Top of DATA EXTRACT

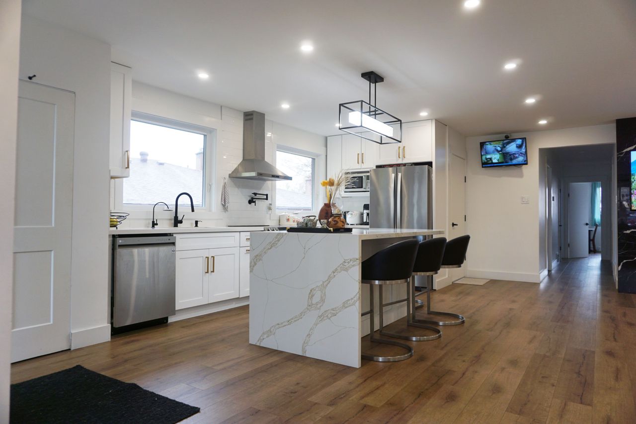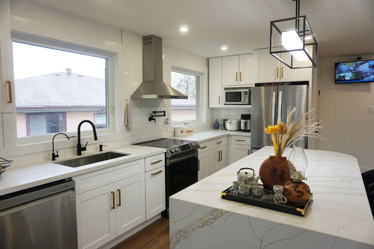 Professional renovated from top to bottom. This sun filled home features 3 bedrooms on main floor & 4 bathrooms. Finished basement apartment with separate entrance & walk-out to backyard. Brand new floors throughout, brand new windows, brand new kitchens with quartz countertops & stainless steel appliances. Furnace(2020), AC(2021), Hot water tank owned(2020). Renovated spa like inspired bathrooms & powder room, electric fireplace, smart thermostat, smart entrance door lock, security camera & more. 4 car parking on the driveway.Main Level ss-Stove, ss-Fridge, B/I Dishwasher, Range Hood; Basement 2 Stoves & 2 Fridges , Washer And Dryer, ALL Light Fixtures, All window covers, security cameras & smart doorlock.
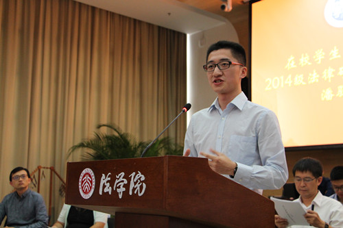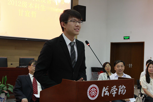 随后,2012级本科生甘宜哲代表高年级同学发言。他鼓励各位同学在将来的学习中不要放弃自己的信念与坚持,做一名辛勤的耕耘者,成为一名合格的法律人,为社会贡献自己的一份力量。
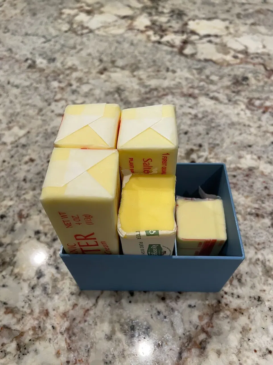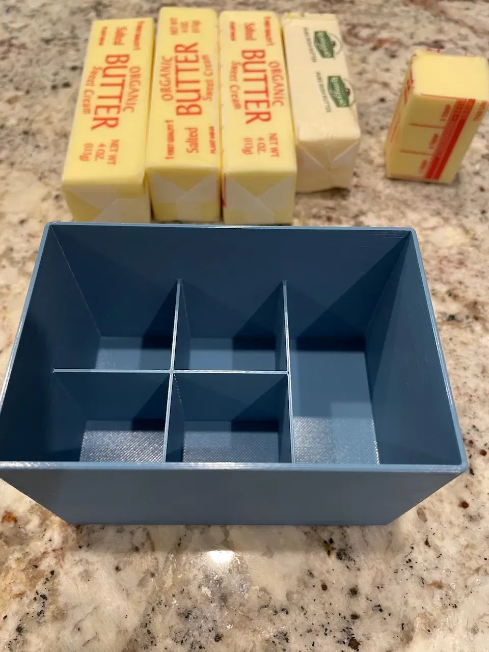 Vợ tui hay để mấy cục bơ trong tủ lạnh, bả muốn có cái khay để giữ cho chúng gọn gàng mà chiếm ít diện tích thôi. Phiên bản đầu tui làm không có vách ngăn, nên nếu để có mấy cục bơ thôi thì nó dễ bị ngã. Phiên bản này có thêm vách ngăn nha. Có bốn ngăn cho mấy cục bơ đầy hoặc gần đầy. Ngăn thứ năm là ngăn đôi vì tui để ý là khi cục bơ còn ít á thì khó lấy lắm. Cái ngăn rộng hơn này giúp mình dễ dàng cầm bằng hai ngón tay.

Bottom of DATA EXTRACT

(WHAT THE TASK ASKS): Only the pictures are to be left out; print everything else in the listing exactly.

(PROBLEM SOLUTION):
 Professional renovated from top to bottom. This sun filled home features 3 bedrooms on main floor & 4 bathrooms. Finished basement apartment with separate entrance & walk-out to backyard. Brand new floors throughout, brand new windows, brand new kitchens with quartz countertops & stainless steel appliances. Furnace(2020), AC(2021), Hot water tank owned(2020). Renovated spa like inspired bathrooms & powder room, electric fireplace, smart thermostat, smart entrance door lock, security camera & more. 4 car parking on the driveway.Main Level ss-Stove, ss-Fridge, B/I Dishwasher, Range Hood; Basement 2 Stoves & 2 Fridges , Washer And Dryer, ALL Light Fixtures, All window covers, security cameras & smart doorlock.
 随后,2012级本科生甘宜哲代表高年级同学发言。他鼓励各位同学在将来的学习中不要放弃自己的信念与坚持,做一名辛勤的耕耘者,成为一名合格的法律人,为社会贡献自己的一份力量。
 Vợ tui hay để mấy cục bơ trong tủ lạnh, bả muốn có cái khay để giữ cho chúng gọn gàng mà chiếm ít diện tích thôi. Phiên bản đầu tui làm không có vách ngăn, nên nếu để có mấy cục bơ thôi thì nó dễ bị ngã. Phiên bản này có thêm vách ngăn nha. Có bốn ngăn cho mấy cục bơ đầy hoặc gần đầy. Ngăn thứ năm là ngăn đôi vì tui để ý là khi cục bơ còn ít á thì khó lấy lắm. Cái ngăn rộng hơn này giúp mình dễ dàng cầm bằng hai ngón tay.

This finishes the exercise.